The source of the failure is iptables. But is it because of iptables? Is it bad input? Or a kernel failure?

Should I this report on Bugzilla?

2023-07-05T15:14:34-0700 sma-server3 kernel: iptables: vmalloc error: size 0, page order 9, failed to allocate pages, mode:0x400cc0(GFP_KERNEL_ACCOUNT), nodemask=(null),cpuset=/,mems_allowed=0
2023-07-05T15:14:34-0700 sma-server3 kernel: CPU: 0 PID: 12133 Comm: iptables Tainted: G                  N 5.14.21-150500.53-default #1 SLE15-SP5 3b90198179ad2dbddc570cfe6efd7895c9be3e4a
2023-07-05T15:14:34-0700 sma-server3 kernel: Hardware name: System manufacturer System Product Name/M3A78-EM, BIOS 1602    03/27/2009
2023-07-05T15:14:34-0700 sma-server3 kernel: Call Trace:
2023-07-05T15:14:34-0700 sma-server3 kernel:  <TASK>
2023-07-05T15:14:34-0700 sma-server3 kernel:  dump_stack_lvl+0x45/0x5b
2023-07-05T15:14:34-0700 sma-server3 kernel:  warn_alloc+0x116/0x180
2023-07-05T15:14:34-0700 sma-server3 kernel:  __vmalloc_node_range+0x390/0x4a0
2023-07-05T15:14:34-0700 sma-server3 kernel:  __vmalloc_node+0x57/0x70
2023-07-05T15:14:34-0700 sma-server3 kernel:  ? xt_alloc_table_info+0x26/0x70 [x_tables e20979056ab8b8537ed985ce4d87d9ec0f6393cb]
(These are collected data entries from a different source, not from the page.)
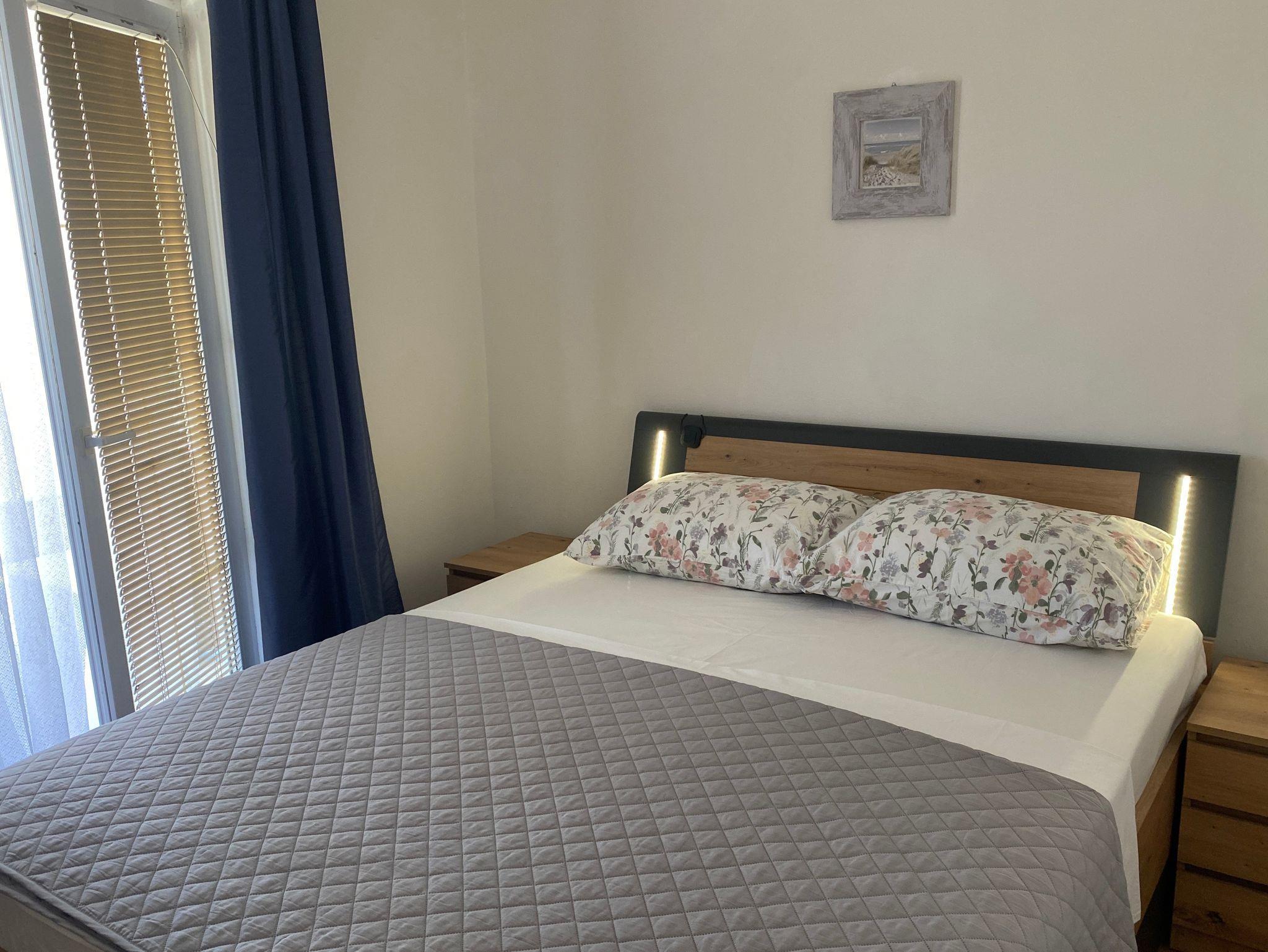 Ferienwohnung bietet Platz für 6 Gäste. Die Betten sind in Schlafzimmern, die es 3 gibt, innerhalb einer Gesamtfläche von 61m2, angeordnet. Die Gäste haben eine eigene Terrasse zur Verfügung, auf der sie in warmen Sommernächten genießen können. Es ist erlaubt, Speisen auf dem Gemeinschafts-Grill vorzubereiten. IM PREIS INBEGRIFFEN: Kurtaxe, Endreinigung, Klimatisierung, Parkplatz, Internet, Kinderbett, Föhn. VERBINDLICHE ZUSÄTZLICHE KOSTEN: Aufzahlung für Kurzaufenthalte (prozentualer Zuschlag pro Nächtigungsanzahl: 30% - 1, 20% - 2, 10% - 3). Die Verfügbarkeit zusätzlicher Dienstleistungen in Ihrem reservierten Termin und die Preise derselben (falls nicht aufgeführt) müssen im Voraus überprüft werden. Zusätzliche Dienstleistungen die in der Zahlungsaufforderung nicht aufgeführt sind werden direkt beim Vermieter bezahlt, angenommen der Gast nutzt auch diese.
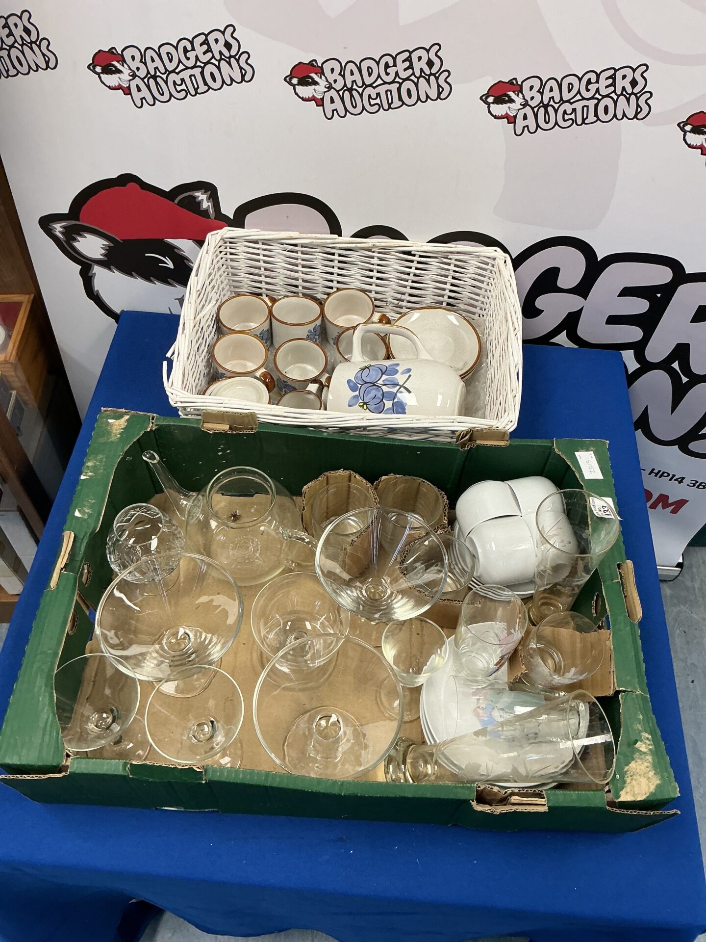 This lot comprises a collection of mixed glass and pottery items. The assortment includes various sizes and styles of glassware, alongside a selection of ceramic pieces. The collection appears to be a varied mix of decorative and potentially functional items, offering a diverse range for collectors or those seeking unique home décor.
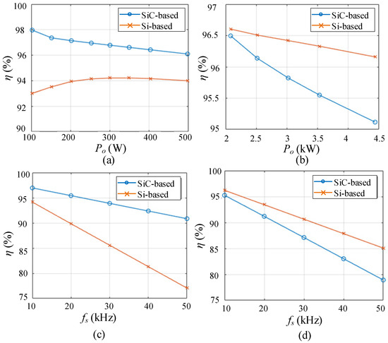 The power efficiency comparison between the SiC- and Si-based CSIs: (a) the power efficiency versus the output power (when fs = 10 kHz, Udc = 100 V); (b) the power efficiency versus the switching frequency (when Rload = 20 Ω, Udc = 100 V); (c) the power efficiency versus the output power (when fs = 10 kHz, Udc = 400V); (d) the power efficiency versus the switching frequency (when Rload = 20 Ω, Udc = 400 V).

2023-07-05T15:14:34-0700 sma-server3 kernel:  xt_alloc_table_info+0x26/0x70 [x_tables e20979056ab8b8537ed985ce4d87d9ec0f6393cb]
2023-07-05T15:14:34-0700 sma-server3 kernel:  do_ipt_set_ctl+0x191/0x3bf [ip_tables fc299e32f3942b3711f7eeaf1a8aa3a911438972]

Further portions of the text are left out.